A CLUSTERED SEMANTIC GRAPH APPROACH FOR MULTI-DOCUMENT ABSTRACTIVE SUMMARIZATION

Multi-document abstractive summarization aims is to create a compact version of the source text and preserves the important information. The existing graph based methods rely on Bag of Words approach, which treats sentence as bag of words and relies on content similarity measure. The obvious limitation of Bag of Words approach is that it ignores semantic relationships among words and thus the summary produced from the source text would not be adequate. This paper proposes a clustered semantic graph based approach for multi-document abstractive summarization. The approach operates by employing semantic role labeling (SRL) to extract the semantic structure (predicate argument structures) from the document text. The predicate argument structures (PASs) are compared pair wise based on Lin semantic similarity measure to build semantic similarity matrix, which is thus represented as semantic graph whereas the vertices of graph represent the PASs and the edges correspond to the semantic similarity weight between the vertices.
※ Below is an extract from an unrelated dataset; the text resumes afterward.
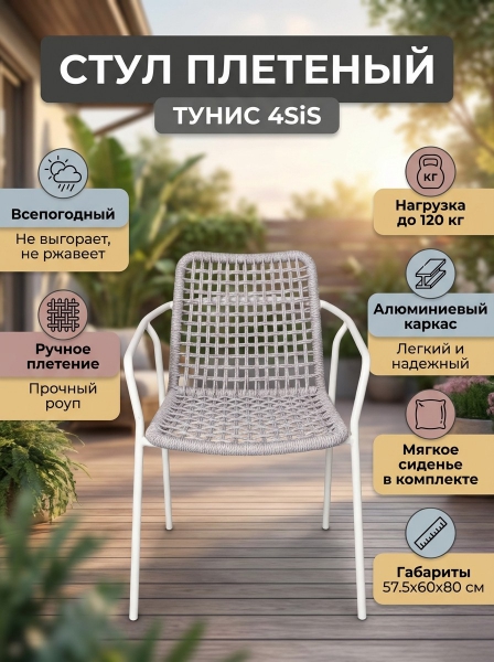 Стул плетенный из роупа 4SIS «Тунис» - ОписаниеСтул плетеный "Тунис" из роупа, полиэфирной веревки с каркасом из алюминия белого цвета.

Content selection for summary is made by ranking the important graph vertices (PASs) based on modified graph based ranking algorithm. Agglomerative hierarchical clustering is performed to eliminate redundancy in such a way that representative PAS with the highest salience score from each cluster is chosen, and fed to language generation to generate summary sentences. Experiment of this study is performed using DUC-2002, a standard corpus for text summarization. Experimental results reveal that the proposed approach outperforms other summarization systems.